### PROBLEM DETAILS
Transcribe the entries below word for word, beginning at the line with "Attraktive Neubauwohnung nach" and stopping after the line with "Mchuuzi wa viazi, mihogo"; drop all pictures.

### THE DATA
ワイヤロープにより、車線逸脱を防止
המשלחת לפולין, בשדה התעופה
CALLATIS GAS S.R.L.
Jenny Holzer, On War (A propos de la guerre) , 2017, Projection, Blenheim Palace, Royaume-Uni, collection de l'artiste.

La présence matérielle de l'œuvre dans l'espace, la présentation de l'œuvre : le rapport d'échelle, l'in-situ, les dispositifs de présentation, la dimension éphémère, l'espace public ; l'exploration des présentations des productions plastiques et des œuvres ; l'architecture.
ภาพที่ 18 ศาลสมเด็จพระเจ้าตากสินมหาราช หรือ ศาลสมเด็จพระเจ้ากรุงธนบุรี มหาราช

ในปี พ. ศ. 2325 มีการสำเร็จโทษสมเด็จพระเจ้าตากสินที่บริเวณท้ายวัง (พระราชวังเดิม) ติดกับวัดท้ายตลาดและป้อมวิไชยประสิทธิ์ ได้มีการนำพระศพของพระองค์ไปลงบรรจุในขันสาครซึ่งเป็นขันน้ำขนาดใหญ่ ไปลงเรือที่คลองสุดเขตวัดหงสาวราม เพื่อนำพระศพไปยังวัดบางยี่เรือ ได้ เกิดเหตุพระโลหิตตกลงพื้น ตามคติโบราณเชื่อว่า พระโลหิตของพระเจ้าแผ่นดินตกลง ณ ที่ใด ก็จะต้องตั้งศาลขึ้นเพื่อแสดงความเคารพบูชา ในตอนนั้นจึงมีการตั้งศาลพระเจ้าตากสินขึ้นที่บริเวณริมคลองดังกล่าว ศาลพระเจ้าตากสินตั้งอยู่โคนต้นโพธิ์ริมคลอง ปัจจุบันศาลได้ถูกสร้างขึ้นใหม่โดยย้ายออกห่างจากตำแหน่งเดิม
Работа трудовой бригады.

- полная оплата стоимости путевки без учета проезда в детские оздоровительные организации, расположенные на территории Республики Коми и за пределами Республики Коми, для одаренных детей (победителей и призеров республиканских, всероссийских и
---
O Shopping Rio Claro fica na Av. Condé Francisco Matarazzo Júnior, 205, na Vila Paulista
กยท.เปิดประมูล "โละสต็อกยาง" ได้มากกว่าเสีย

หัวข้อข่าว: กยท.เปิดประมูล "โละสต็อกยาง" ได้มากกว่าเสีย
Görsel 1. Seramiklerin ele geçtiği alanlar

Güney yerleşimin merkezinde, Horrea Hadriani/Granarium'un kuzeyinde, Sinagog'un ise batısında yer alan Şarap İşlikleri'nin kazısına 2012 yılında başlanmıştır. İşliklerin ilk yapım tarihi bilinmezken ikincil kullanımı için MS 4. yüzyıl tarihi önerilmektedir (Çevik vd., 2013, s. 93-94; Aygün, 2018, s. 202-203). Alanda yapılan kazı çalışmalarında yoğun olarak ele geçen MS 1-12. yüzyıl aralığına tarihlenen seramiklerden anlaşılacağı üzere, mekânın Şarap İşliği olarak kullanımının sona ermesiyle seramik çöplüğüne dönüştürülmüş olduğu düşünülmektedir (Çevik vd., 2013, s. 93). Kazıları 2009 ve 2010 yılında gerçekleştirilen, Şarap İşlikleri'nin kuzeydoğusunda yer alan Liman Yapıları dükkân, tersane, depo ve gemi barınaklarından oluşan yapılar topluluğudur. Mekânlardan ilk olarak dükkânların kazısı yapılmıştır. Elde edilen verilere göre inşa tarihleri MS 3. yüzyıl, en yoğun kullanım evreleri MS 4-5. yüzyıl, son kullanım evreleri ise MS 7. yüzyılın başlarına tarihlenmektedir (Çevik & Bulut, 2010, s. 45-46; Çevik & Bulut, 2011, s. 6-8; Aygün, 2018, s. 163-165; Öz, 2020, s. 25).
...
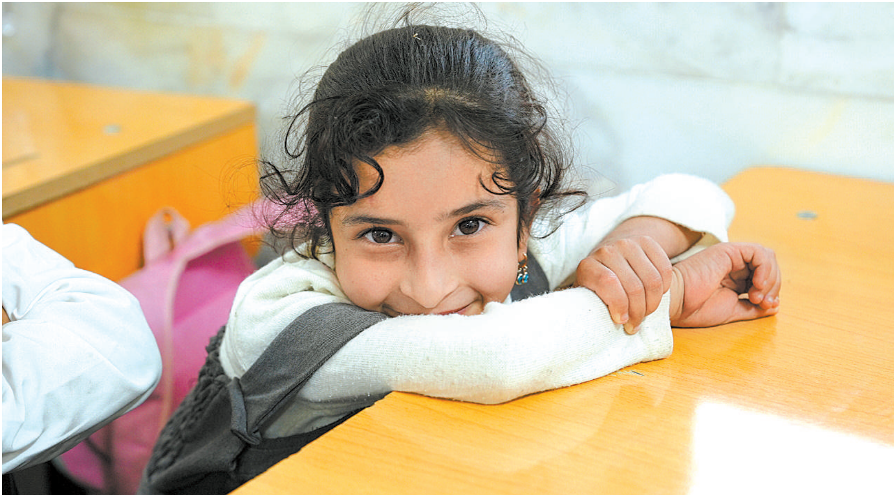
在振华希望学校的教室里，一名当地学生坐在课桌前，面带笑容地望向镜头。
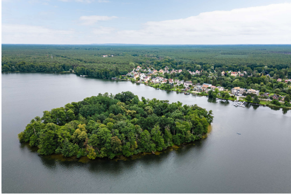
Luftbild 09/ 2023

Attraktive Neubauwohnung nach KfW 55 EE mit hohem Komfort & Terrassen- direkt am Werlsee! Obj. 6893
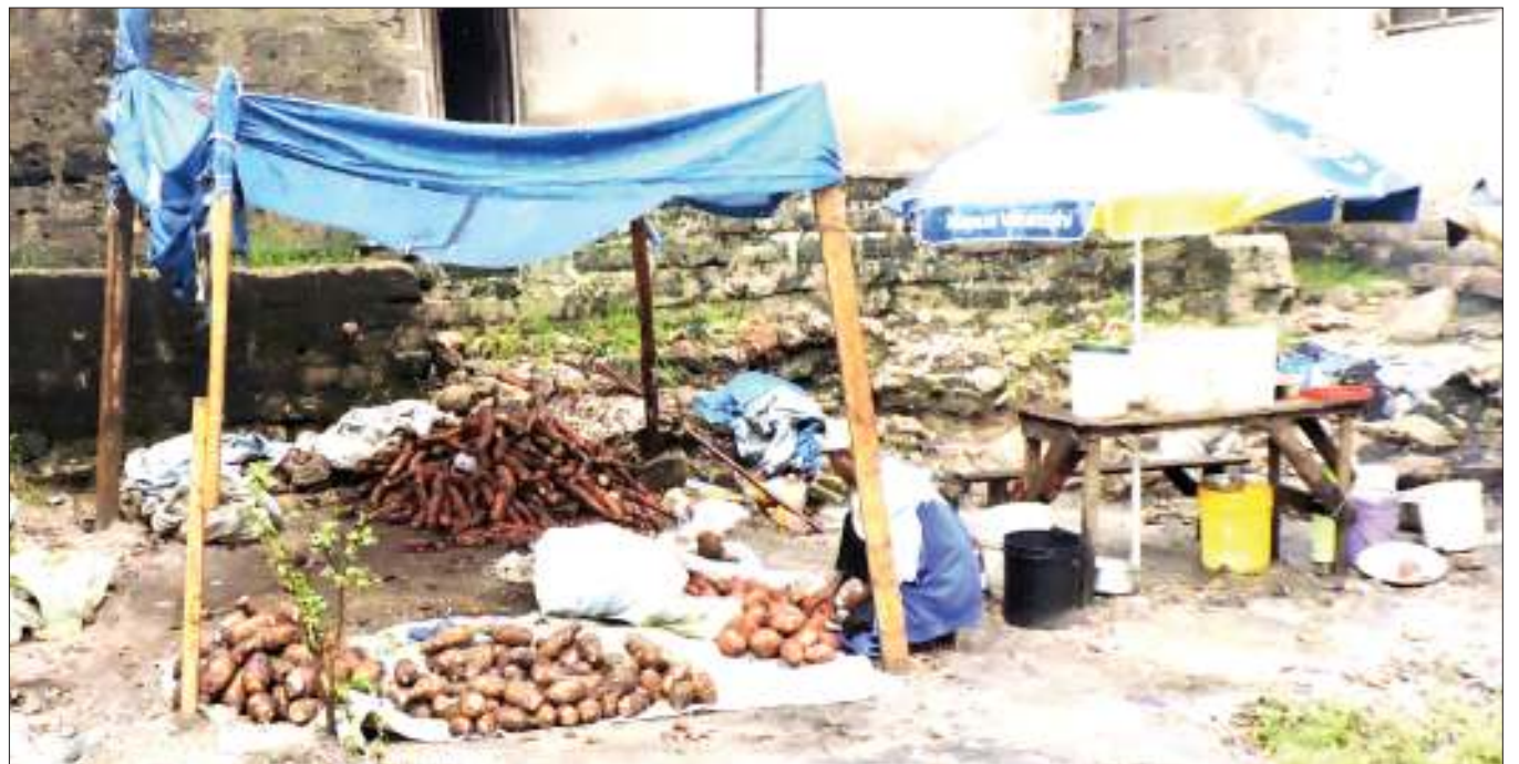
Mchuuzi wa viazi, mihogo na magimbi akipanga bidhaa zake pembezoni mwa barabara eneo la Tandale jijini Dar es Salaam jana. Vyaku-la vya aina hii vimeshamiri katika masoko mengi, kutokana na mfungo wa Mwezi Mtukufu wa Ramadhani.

### TASK RESPONSE
Attraktive Neubauwohnung nach KfW 55 EE mit hohem Komfort & Terrassen- direkt am Werlsee! Obj. 6893
Mchuuzi wa viazi, mihogo na magimbi akipanga bidhaa zake pembezoni mwa barabara eneo la Tandale jijini Dar es Salaam jana. Vyaku-la vya aina hii vimeshamiri katika masoko mengi, kutokana na mfungo wa Mwezi Mtukufu wa Ramadhani.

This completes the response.